Скоро Детка осталась у нас одна. Голован объелся муравьиных яиц и погиб.

Мы тогда еще не знали, что муравьиными яйцами надо кормить очень осторожно. Это тяжелая пища. А толстяк Голован был, на беду, большим обжорой.

Потеряв Голована, мы стали еще больше возиться с Деткой. Ведь она была теперь нашим «единственным ребенком».

Не помню, мне или маме принадлежало открытие первого растительного корма для глухарят в условиях неволи — цветочных стебельков одуванчика. Нежные сочные стебельки эти, изрезанные на мелкие кусочки, Детка стала охотно есть еще совсем маленькой. Потом оказалось, что ей очень нравятся мясистые листочки скрипуна — травки, которая во множестве растет на столбовских скалах.

У меня вошло в обычай, возвращаясь из тайги, приносить Детке на пробу пучок разных таежных травок. От некоторых Детка отказывалась, другие охотно ела, и они прочно входили в ее дневное «меню».

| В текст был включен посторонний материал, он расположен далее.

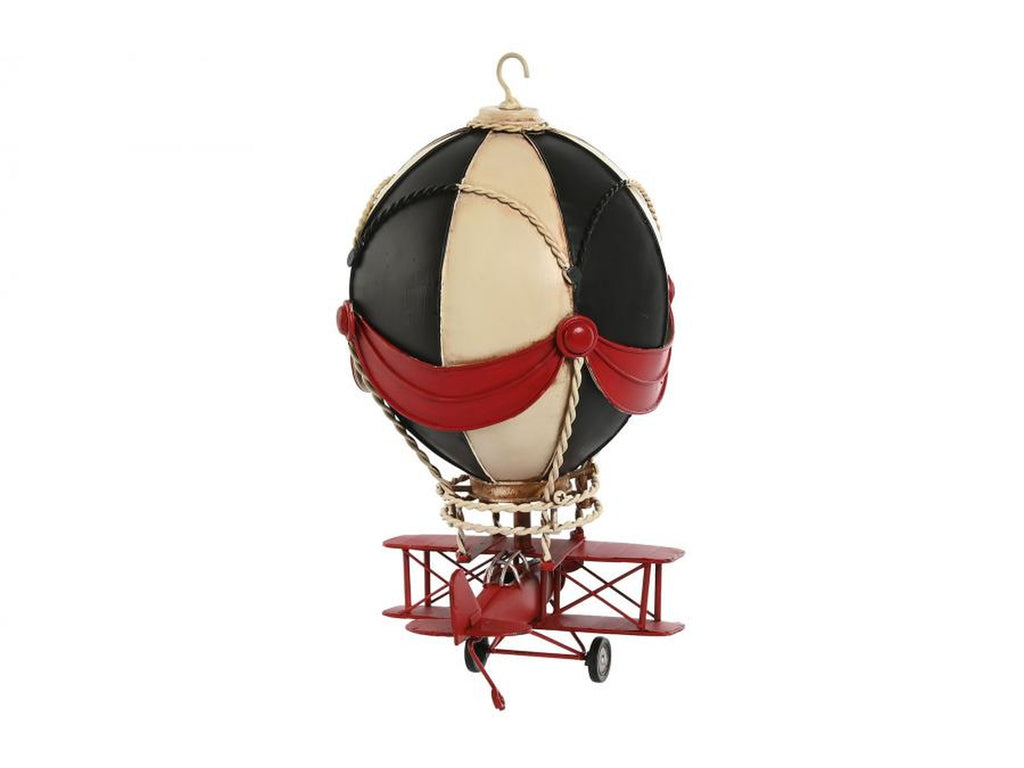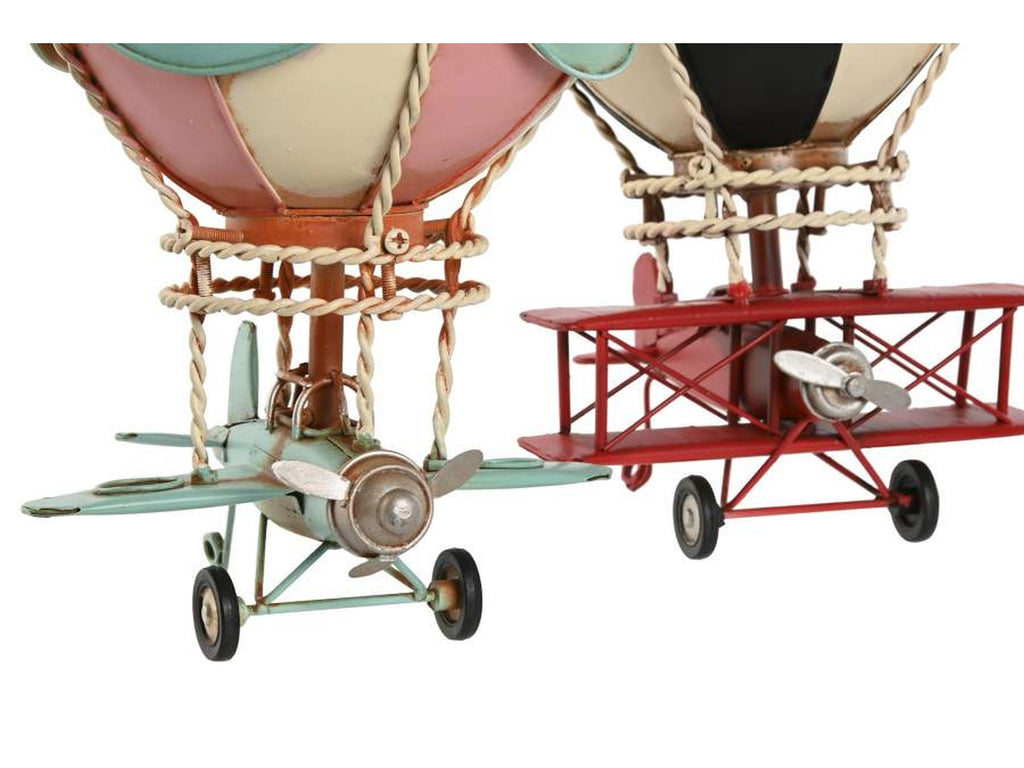 Aereoplano con mongolfiera decorazione in metallo 17x17x32cm globo in 2 modelli assortiti

Но главным Деткиным кормом до глубокой осени все же оставались муравьиные яйца. Добывать их ежедневно в нужном количестве оказалось нелегким делом. Каждый день я или мама отправлялись с рюкзаком в тайгу на поиски муравейников. Скоро мы уже истощили все муравейники в окрестностях избушки, и ходить за ними приходилось все дальше и дальше.

Отыскав муравейник, мы палкой или ботанической лопаткой разрывали его с той стороны, где предполагали найти главные склады яиц. Иногда ошибешься, разроешь не там, и приходится снова рыть. А разъяренные муравьи целыми полчищами идут на тебя в атаку, защищая свое богатство.

Наконец найден склад. Теперь за работу. Выгребали мы яйца просто голыми руками, ссыпали в рюкзак вместе со всякой растительной трухой и муравьями, завязывали потуже, закидывали на спину и — домой! А по дороге муравьи выбирались через какую-нибудь дырочку, и ну нас жечь! Шея, руки — все у нас горело после таких походов за Деткиным кормом.

Потом мы уже не могли брать яйца голыми руками. Под действием едкой муравьиной кислоты на наших руках появились ожоги. Кожа с них сходила клочьями, а укусы муравьев в пораженные места причиняли почти нестерпимую боль. Пришлось защищать руки старенькими перчатками. Но и их муравьиная кислота разъедала с катастрофической быстротой. Мы от всей души радовались, когда, наконец, осенью муравьиные яйца в муравейниках исчезли, и наша Детка перешла целиком на растительный корм.

Скоро мы так сжились с нашей глухарочкой, что отлично понимали друг друга.

Мама хозяйничает у печки, а Детка — уже голенастенький рыженький подросточек — гуляет в небольшой вольерке, пристроенной к избушке с солнечной стороны. В углу вольерки из смеси песка и золы устроена ванна, в которой Детка любит пурхаться на солнце. На земле насыпаны муравьиные яйца, в пол-литровой стеклянной баночке — свежая вода. К решетке привязан роскошный букет таежных трав, который Детка теребит. Полное хозяйство.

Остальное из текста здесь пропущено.